Repeat the data exactly as given below, dropping every picture.

+++

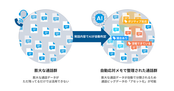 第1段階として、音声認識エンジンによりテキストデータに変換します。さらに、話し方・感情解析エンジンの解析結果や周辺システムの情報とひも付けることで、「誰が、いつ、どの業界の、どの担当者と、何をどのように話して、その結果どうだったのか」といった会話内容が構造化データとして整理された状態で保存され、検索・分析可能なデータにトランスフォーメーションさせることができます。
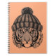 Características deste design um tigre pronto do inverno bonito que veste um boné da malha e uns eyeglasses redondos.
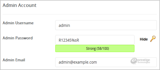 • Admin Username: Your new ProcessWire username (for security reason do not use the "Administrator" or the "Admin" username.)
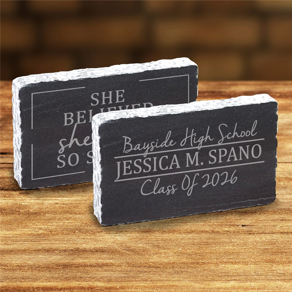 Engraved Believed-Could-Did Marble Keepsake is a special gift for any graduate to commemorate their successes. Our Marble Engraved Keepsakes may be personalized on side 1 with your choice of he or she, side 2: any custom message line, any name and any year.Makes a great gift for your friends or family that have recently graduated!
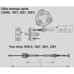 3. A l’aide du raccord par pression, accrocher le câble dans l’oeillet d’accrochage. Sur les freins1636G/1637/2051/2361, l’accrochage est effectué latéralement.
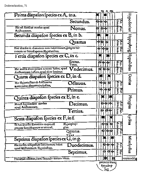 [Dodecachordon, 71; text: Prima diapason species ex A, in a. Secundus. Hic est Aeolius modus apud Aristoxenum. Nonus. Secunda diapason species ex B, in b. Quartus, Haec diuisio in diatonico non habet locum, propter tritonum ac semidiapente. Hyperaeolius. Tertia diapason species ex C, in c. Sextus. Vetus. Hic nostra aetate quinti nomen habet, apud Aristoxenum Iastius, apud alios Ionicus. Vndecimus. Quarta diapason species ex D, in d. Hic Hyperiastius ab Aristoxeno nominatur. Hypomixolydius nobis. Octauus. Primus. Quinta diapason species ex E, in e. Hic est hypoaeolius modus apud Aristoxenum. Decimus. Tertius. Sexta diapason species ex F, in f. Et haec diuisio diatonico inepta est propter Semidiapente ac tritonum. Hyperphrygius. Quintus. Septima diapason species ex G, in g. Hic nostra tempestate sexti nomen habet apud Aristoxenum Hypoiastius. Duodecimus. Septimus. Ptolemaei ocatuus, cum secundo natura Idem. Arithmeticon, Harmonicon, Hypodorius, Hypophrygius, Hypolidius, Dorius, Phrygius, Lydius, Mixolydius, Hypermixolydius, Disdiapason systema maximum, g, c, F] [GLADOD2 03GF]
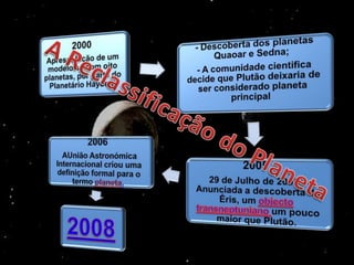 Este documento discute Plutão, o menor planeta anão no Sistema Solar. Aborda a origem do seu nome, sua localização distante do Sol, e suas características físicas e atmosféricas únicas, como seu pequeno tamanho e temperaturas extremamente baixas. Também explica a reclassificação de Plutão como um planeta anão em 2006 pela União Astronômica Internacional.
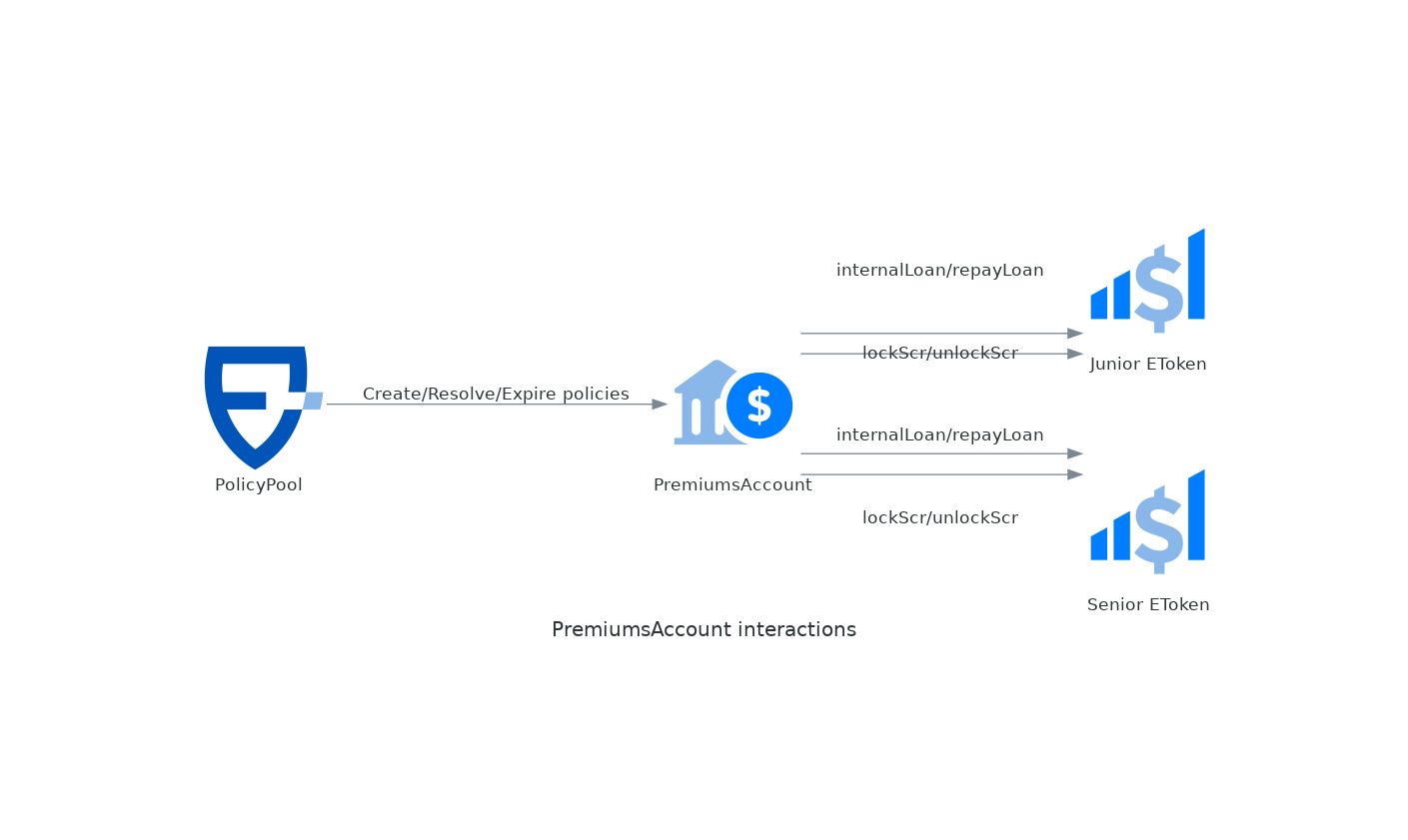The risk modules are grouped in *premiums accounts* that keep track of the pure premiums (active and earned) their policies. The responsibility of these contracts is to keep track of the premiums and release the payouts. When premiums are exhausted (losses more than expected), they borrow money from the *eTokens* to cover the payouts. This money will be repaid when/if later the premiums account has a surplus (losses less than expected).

+++

## Written solution
 第1段階として、音声認識エンジンによりテキストデータに変換します。さらに、話し方・感情解析エンジンの解析結果や周辺システムの情報とひも付けることで、「誰が、いつ、どの業界の、どの担当者と、何をどのように話して、その結果どうだったのか」といった会話内容が構造化データとして整理された状態で保存され、検索・分析可能なデータにトランスフォーメーションさせることができます。
 Características deste design um tigre pronto do inverno bonito que veste um boné da malha e uns eyeglasses redondos.
 • Admin Username: Your new ProcessWire username (for security reason do not use the "Administrator" or the "Admin" username.)
 Engraved Believed-Could-Did Marble Keepsake is a special gift for any graduate to commemorate their successes. Our Marble Engraved Keepsakes may be personalized on side 1 with your choice of he or she, side 2: any custom message line, any name and any year.Makes a great gift for your friends or family that have recently graduated!
 3. A l’aide du raccord par pression, accrocher le câble dans l’oeillet d’accrochage. Sur les freins1636G/1637/2051/2361, l’accrochage est effectué latéralement.
 [Dodecachordon, 71; text: Prima diapason species ex A, in a. Secundus. Hic est Aeolius modus apud Aristoxenum. Nonus. Secunda diapason species ex B, in b. Quartus, Haec diuisio in diatonico non habet locum, propter tritonum ac semidiapente. Hyperaeolius. Tertia diapason species ex C, in c. Sextus. Vetus. Hic nostra aetate quinti nomen habet, apud Aristoxenum Iastius, apud alios Ionicus. Vndecimus. Quarta diapason species ex D, in d. Hic Hyperiastius ab Aristoxeno nominatur. Hypomixolydius nobis. Octauus. Primus. Quinta diapason species ex E, in e. Hic est hypoaeolius modus apud Aristoxenum. Decimus. Tertius. Sexta diapason species ex F, in f. Et haec diuisio diatonico inepta est propter Semidiapente ac tritonum. Hyperphrygius. Quintus. Septima diapason species ex G, in g. Hic nostra tempestate sexti nomen habet apud Aristoxenum Hypoiastius. Duodecimus. Septimus. Ptolemaei ocatuus, cum secundo natura Idem. Arithmeticon, Harmonicon, Hypodorius, Hypophrygius, Hypolidius, Dorius, Phrygius, Lydius, Mixolydius, Hypermixolydius, Disdiapason systema maximum, g, c, F] [GLADOD2 03GF]
 Este documento discute Plutão, o menor planeta anão no Sistema Solar. Aborda a origem do seu nome, sua localização distante do Sol, e suas características físicas e atmosféricas únicas, como seu pequeno tamanho e temperaturas extremamente baixas. Também explica a reclassificação de Plutão como um planeta anão em 2006 pela União Astronômica Internacional.
The risk modules are grouped in *premiums accounts* that keep track of the pure premiums (active and earned) their policies. The responsibility of these contracts is to keep track of the premiums and release the payouts. When premiums are exhausted (losses more than expected), they borrow money from the *eTokens* to cover the payouts. This money will be repaid when/if later the premiums account has a surplus (losses less than expected).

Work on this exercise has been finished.